Another important depth cue is lens blur. If our eyes (or a camera lens) focus on a specific object, and another object appears blurred next to it, our brain knows that the other object is either in front of or behind the object. If there is no blur, our brain thinks that the two are at a similar distance. One can clearly see this phenomenon as our eyes focus on different objects and our retinas blur the out-of-focus objects in the background. Our brain interprets this as a depth cue without us realizing it. This phenomenon is subtle as our brain filters it seamlessly into our perception. It is usually unnoticed to the average person. However, it is possible to train our eyes and brain to experience and be conscious of the depth of field by relaxing the eye muscles and using the following (or similar) technique. Look through a windshield with water droplets on it at night. When you focus outside the windshield, the water droplets turn into little halos of color called bokeh. Similarly, when you focus on the droplets, the streetlights in the background turn into bokeh. This effect can be accomplished with one eye closed. Therefore, it has nothing to do with stereopsis, but instead has to do with our eye’s lens focusing, similar to how a camera lenses focus. Understanding how depth of field is related is important when attempting to create realistic images and works hand-in-hand with stereoscopic 3D in After Effects. Especially with the new and improved Camera Lens Blur effect and related features in After Effects CS5.5.

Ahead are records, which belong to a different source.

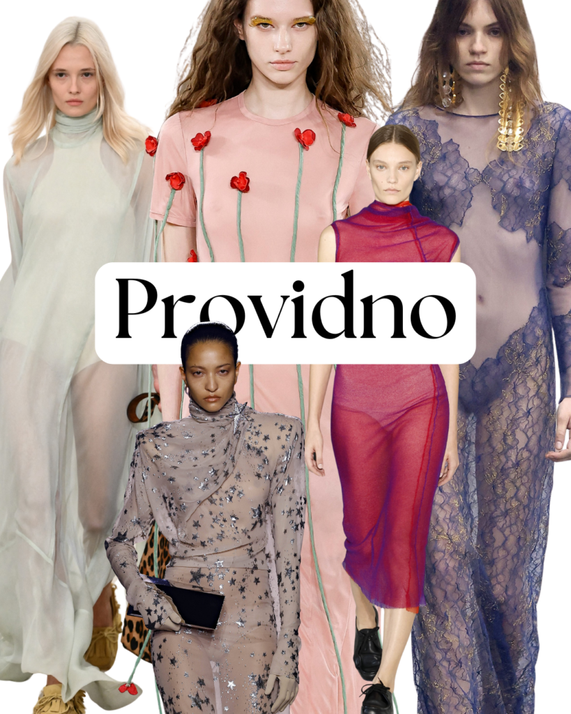 Na modnim pistama za proleće/leto 2026. providni komadi zauzeli su centralno mesto, ističući igru svetlosti i slojevitosti kroz lagane materijale poput tila, organdina i mrežastih tkanina. Ovaj trend naglašava senzualnost i sofisticiranost, često kombinovan sa strateški postavljenim vezom, kristalima ili čipkom kako bi se zadržala elegancija i suptilnost.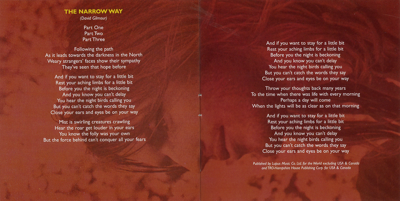 Booklet: [front] [2-3] [4-5] [6-7] [8-9] [10-11] [12-13] [14-15] [16-17] [18-19] [20-21] [22-23] [24-25] [26-27] [back] 28 page booklet lyrics, pictures and credits.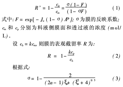 由非平衡热力学的Spiegler-Kedem方程,可得膜的真实截留率R'为: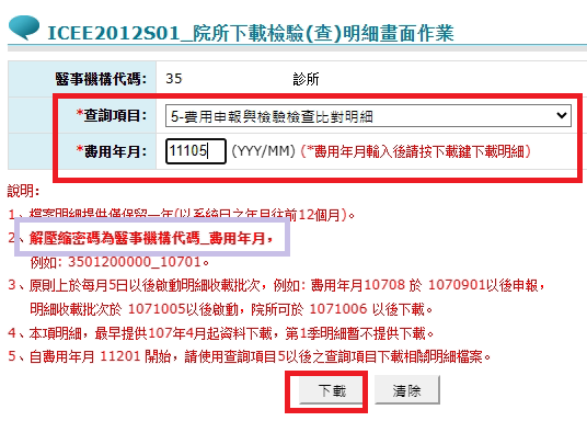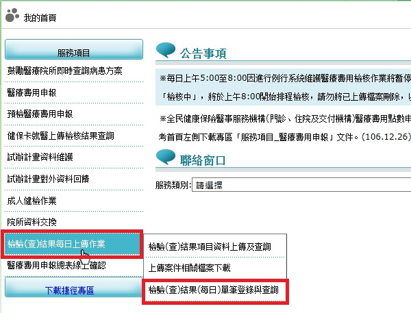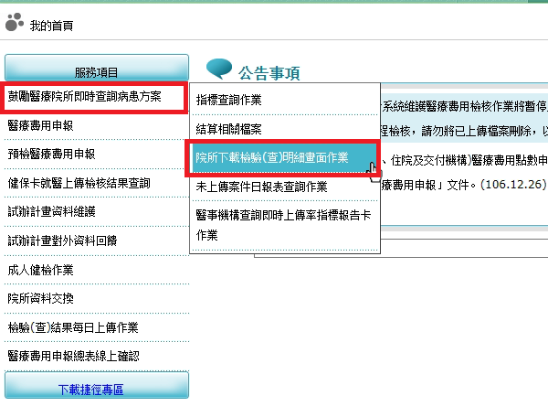 申報與檢驗(查)結果上傳案件比對明細,下載路徑:VPN健保資訊網服務系統/院所即時查詢病患方案/院所下載檢驗(查)明細畫面作業/5-費用申報與檢驗檢查比對明細。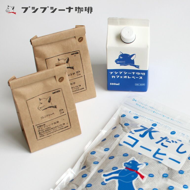 プシプシナ珈琲の豆や、アレンジし甲斐のあるカフェオレベースもお取り扱いしています。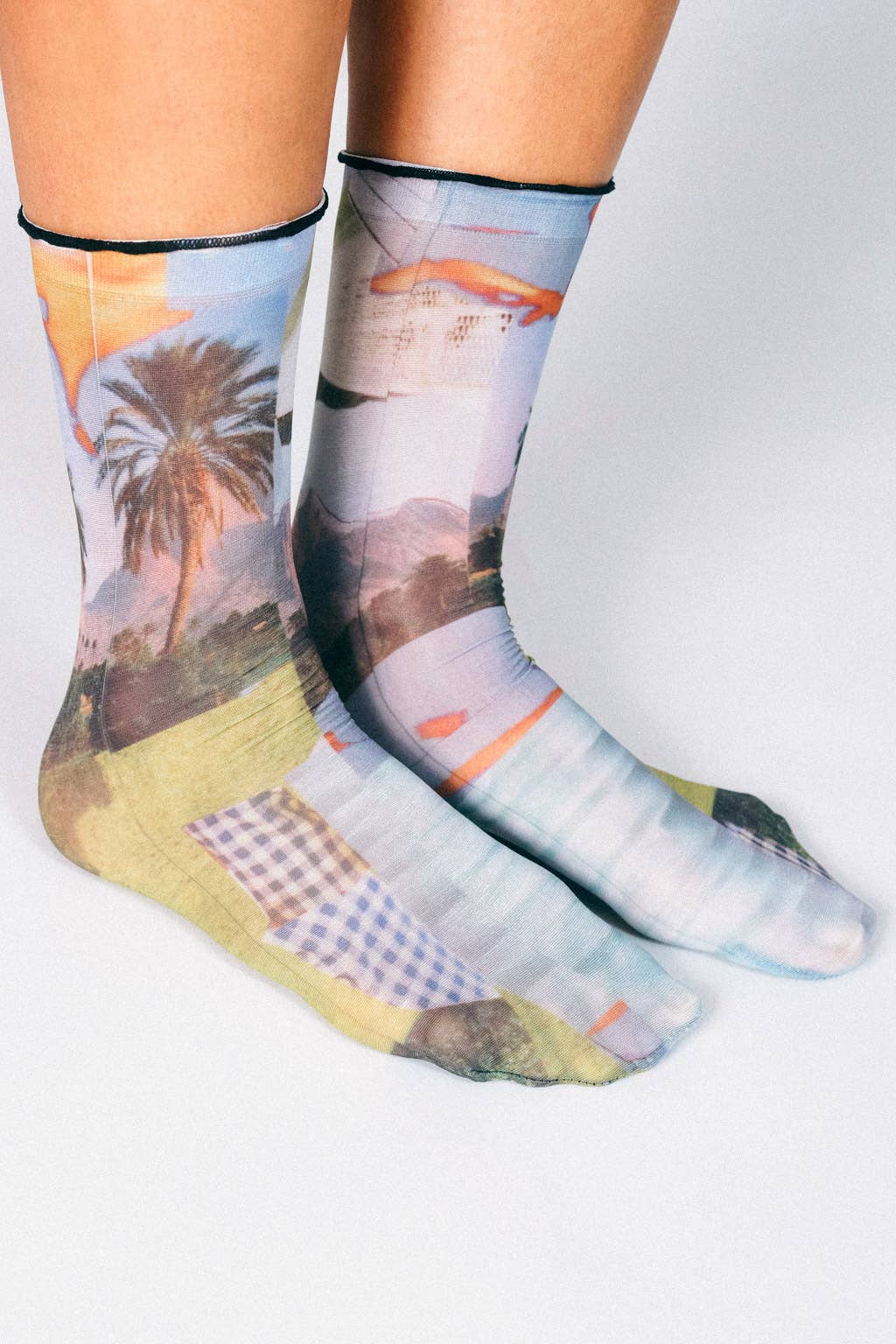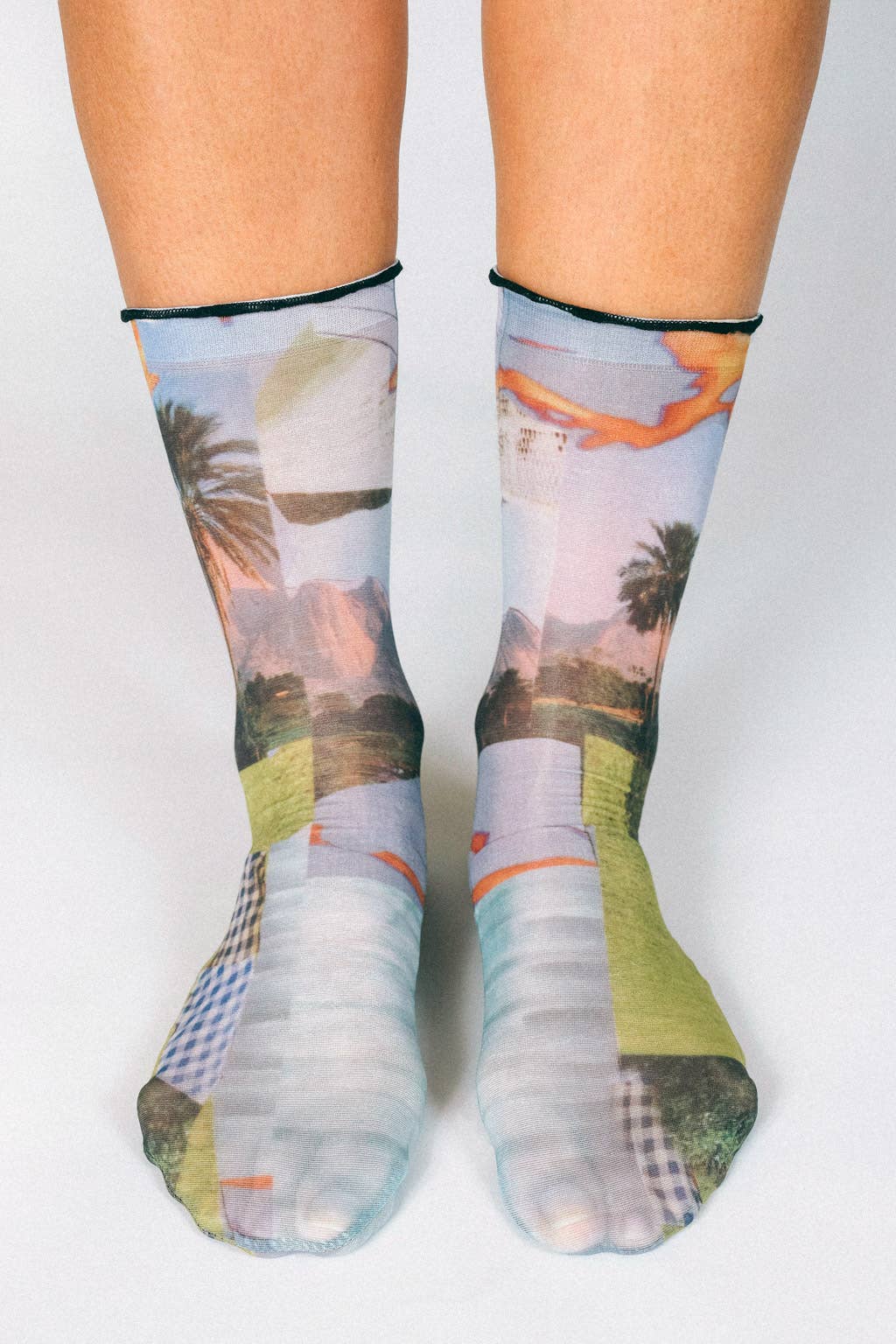 The By Rosie Barker Desert sock is a nylon tall-ankle design with a contrast black ruffle top cuff and printed with one of Rose's paper collage art pieces.

Finally, arguably the most powerful depth cue is stereopsis. Stereopis is the ability of our brain to take two input images from different perspectives and gain an understanding of how far away two different objects are in relationship to each other. The key point to understand is that since our eyes are spaced apart on our heads, each eye can view a slightly different perspective of the world in front of us. Look at an object nearby and close one eye, then switch eyes back and forth several times. Then try this same exercise on an object that is far away.  You notice that the object that that is nearby jumps from side to side in your field of view a lot more drastically than the object far away. If the close object is in the same general direction as the far away object, the close object switches sides of the far away object. This is the basis of how stereopsis works. Your brain takes the relative horizontal distance between objects in your field of view and compares them to gain an understanding of where those objects are in relationship to each other in terms of depth. It is theorized that pigeons bob their head in order to gain depth perception (since their eyes are on opposite sides of their head and they can’t see depth otherwise). If you look through only one eye, you lose your stereopsis depth cue. However if you bob your head from side to side with that eye still closed, you can get a sense of depth again. This separation between eyes that provides different perspectives is the key to stereopsis.

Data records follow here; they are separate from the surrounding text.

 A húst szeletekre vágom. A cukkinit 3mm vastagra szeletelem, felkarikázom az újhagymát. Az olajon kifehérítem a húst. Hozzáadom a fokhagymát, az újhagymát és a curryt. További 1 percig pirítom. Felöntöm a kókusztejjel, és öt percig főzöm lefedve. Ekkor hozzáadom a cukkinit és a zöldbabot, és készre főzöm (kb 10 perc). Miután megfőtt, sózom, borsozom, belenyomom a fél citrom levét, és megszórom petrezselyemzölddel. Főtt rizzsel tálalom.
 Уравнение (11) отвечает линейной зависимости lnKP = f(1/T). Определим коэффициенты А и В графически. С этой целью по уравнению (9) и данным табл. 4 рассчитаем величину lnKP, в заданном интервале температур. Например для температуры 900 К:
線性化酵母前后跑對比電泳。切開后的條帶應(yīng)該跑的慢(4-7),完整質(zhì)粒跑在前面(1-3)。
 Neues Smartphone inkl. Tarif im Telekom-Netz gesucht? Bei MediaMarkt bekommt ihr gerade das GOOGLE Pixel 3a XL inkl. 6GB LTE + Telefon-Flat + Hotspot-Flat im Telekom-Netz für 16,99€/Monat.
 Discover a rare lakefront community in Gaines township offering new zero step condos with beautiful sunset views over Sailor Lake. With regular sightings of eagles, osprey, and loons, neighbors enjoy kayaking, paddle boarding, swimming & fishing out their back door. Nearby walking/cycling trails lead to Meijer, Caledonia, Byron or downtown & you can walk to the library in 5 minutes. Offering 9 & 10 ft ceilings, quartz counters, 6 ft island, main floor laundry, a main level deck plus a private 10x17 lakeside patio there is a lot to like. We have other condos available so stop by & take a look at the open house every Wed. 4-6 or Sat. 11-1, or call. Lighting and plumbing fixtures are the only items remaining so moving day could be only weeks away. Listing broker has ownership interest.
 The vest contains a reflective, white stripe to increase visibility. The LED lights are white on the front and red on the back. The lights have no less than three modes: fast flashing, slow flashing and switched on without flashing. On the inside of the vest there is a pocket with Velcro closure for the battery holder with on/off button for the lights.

It is important to keep all these depth cues in mind when constructing a stereoscopic 3D composition in After Effects. In the real world, it is possible to give contrary information to the brain and trick it. Optical illusions like the Ames Room, the Infinite Staircase, or tilt-shift photography are all examples of how depth cues can be manipulated and our brains tricked. (Tilt-shift photographiy is a method in which a post-process depth-of-field blur is added to an image to give a broad landscape the feeling of a miniature.) Since After Effects gives you control of all of these depth cues, it's important to maintain control over their interaction and make sure that they are not giving our brains too many contrary depth cues. In real life, one can mess around with our surroundings in intelligent ways to create optical illusions. But more often than not, inconsistencies in the digital realm are considered unnatural and can even cause eyestrain or brain pain. Stereopsis, being the most powerful depth cue, is no exception. It's important to make sure that it is not painful to look at the stereoscopic result on different screens. Ones viewing experience can change depending on how big the screen is and how far away the viewer is from the screen.

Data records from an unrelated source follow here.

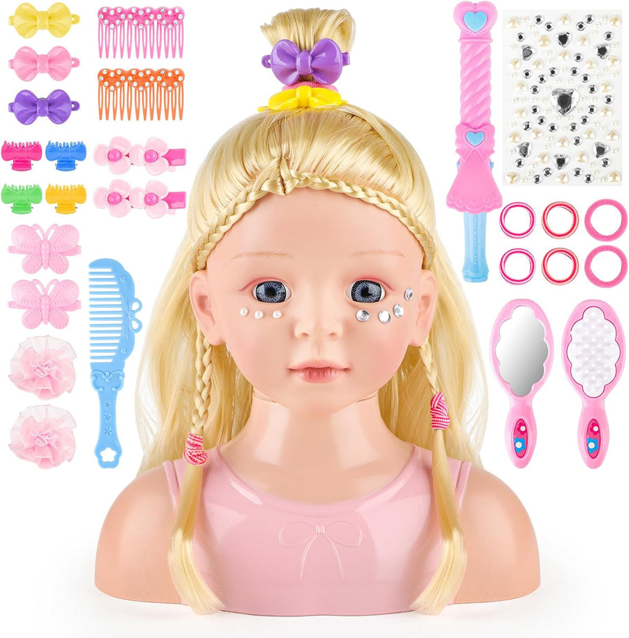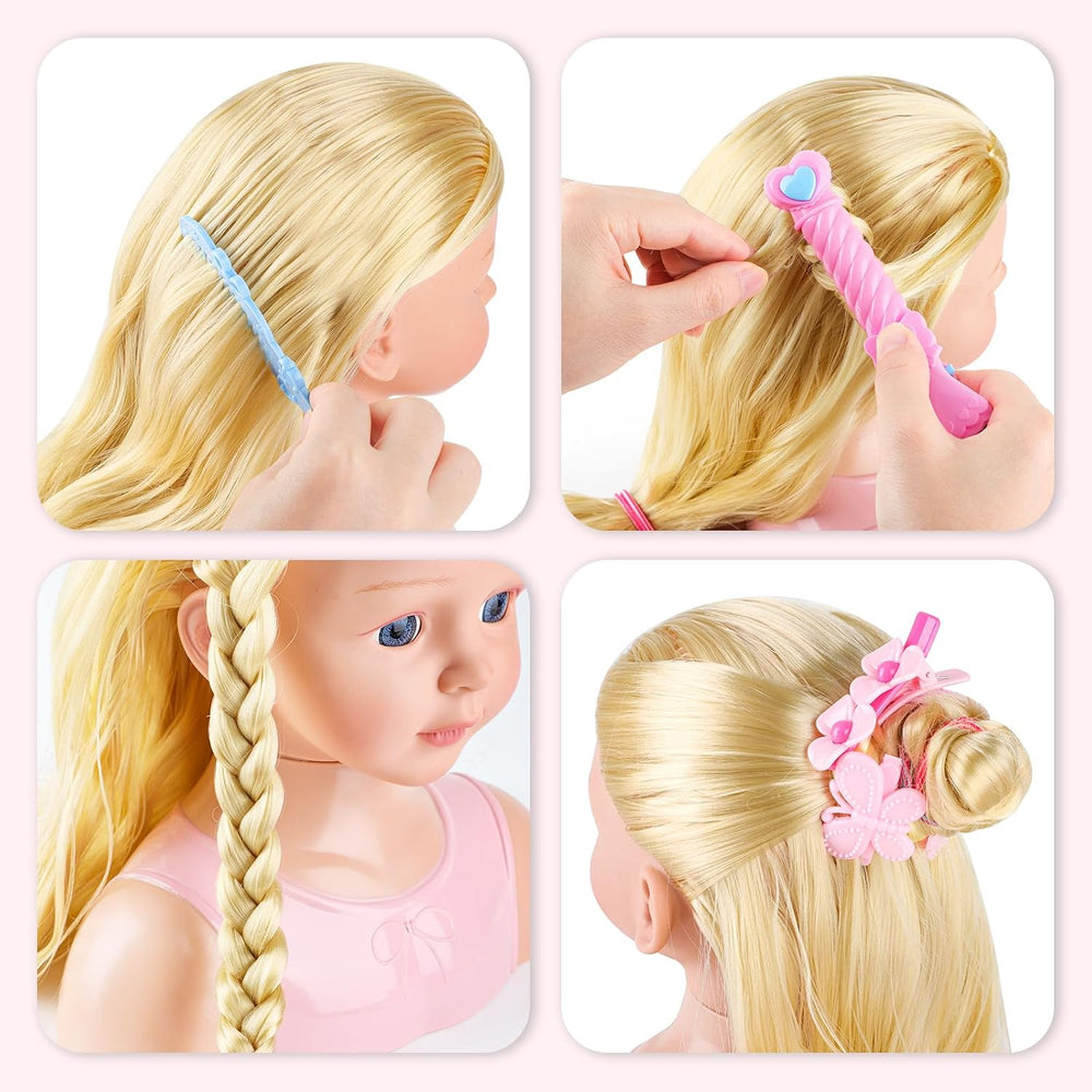 deAO Schminkkopf & Frisierkopf Kinder 23cm – Schminkpuppe mit Blonden Haaren, Schminke und Zubehör S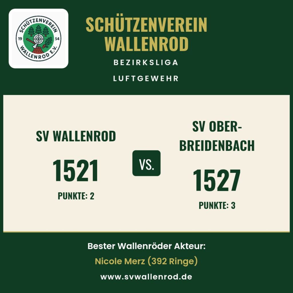 Während Nicole Merz mit einer herausragenden Leistung von 392 Ringen und Svenja Schött mit 383 Ringen ihre Einzelpunkte für Wallenrod sichern konnten, gingen die weiteren Duelle und der Punkt für das Gesamtergebnis an die Gäste aus Ober Breidenbach.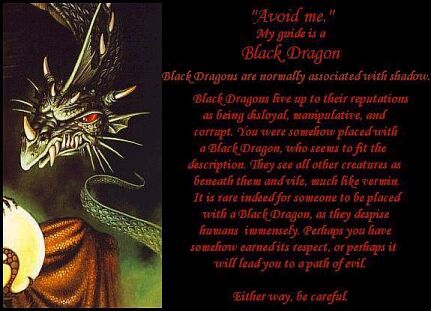 | In case you can't read it: Black Dragons are normally associated with shadow. Black Dragons live up to their reputations as being disloyal, manipulative, and corrupt. You were somehow placed with a Black Dragon, who seems to fit the description. they see all other creatures as beneath them and vile, much like vermin. It is rare indeed for someone to be placed with a Black Dragon, as they despise humans immensely. Perhaps you have somehow earned its respect, or perhaps it will lead you to a path of evil. Either way, be careful. (I'm not evil, really!) |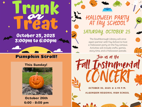 Hazardous Waste Day, Library/Fay Halloween Party, Trunk or Treat, Pumpkin Stroll, Special Town Meeting, Shelf Help, and more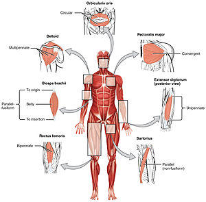 Skeletal striated muscle, or "voluntary muscle", primarily joins to bone with tendons. Skeletal muscle enables movement of the bones of the human skeleton and maintains posture.[1]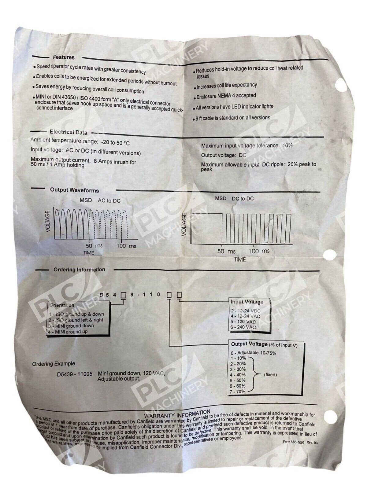 - Voltage Compatibility: Operates efficiently with a 120VAC power supply, ensuring seamless integration into standard industrial electrical systems.

Stereoscopy is a digital technique for allowing our brain to see stereopsis by tricking it. This technique is done is by presenting each eye with a different image. The left eye is presented a view of a scene from some virtual or real camera that shows the left perspective. Similarly, the right eye is presented with an image of the right perspective. In this way, each eye is presented with a different image independently and our brain puts them together, and we perceive depth. When viewing a stereoscopic 3D scene on a monitor, the elements in the scene have a tendency to pop out or sink into the screen. Stereopsis is telling us that the object is closer or farther away from us than how far away the monitor actually is.

Many different devices and systems exist for delivering stereopsis to our brains. But in general the principle behind all of them is the same; get one eye to see one view, and the other to see a different perspective of the same scene. Anaglyph glasses are the oldest method, and by far the cheapest. Different colored lenses color filter each eye’s view differently. Red-blue glasses filter out blue on the left eye and red on the right eye. On the display side, the left image is colored red, and the right is colored blue. Then the images are overlapped. Each eye sees only the associated image. Because of the inherent color distortion, it is difficult to see all the colors accurately using anaglyph. But the setup is very easy and works accurately for judging depth and convergence. Polarized glasses work on a simple principle. Two images are displayed on a screen, one image emits horizontally polarized light only, and one emits vertically polarized light only. The glasses have polarized lens such that each only lets through light polarized in one direction. Active shutter glasses work by blocking one eye at a time at a high rate (usually 60fps) and switching the left and right images every frame while synchronized with the monitor. Some TVs use no glasses at all, such as those from Alioscopy. Aliscopy uses lenticular technology, in which the lens on the monitor itself actually refracts the lights in different directions so that each eye gets a different perspective simply by being in a different location in relationship to the TV. There are many more methods for stereoscopy. Here is a parody of the topic that shows a very unconventional method used by Jonathan Post:

When dealing with stereopsis in the real world, the only things that can vary are the positions of objects in front of you, and the perspective from each eye can only change based on that. The only way to make an object look closer through stereopsis is to actually place it closer. You can’t easily change the distance between your eyes, your field of view, or the aperture of your eyes (at least not voluntarily) to modify the depth of field you perceive. However, in the digital realm, there are many more variables since all of these aforementioned things can be changed. Therefore, there is a high likeliness to introduce confusing depth cues that are contradictory and cause pain when viewing.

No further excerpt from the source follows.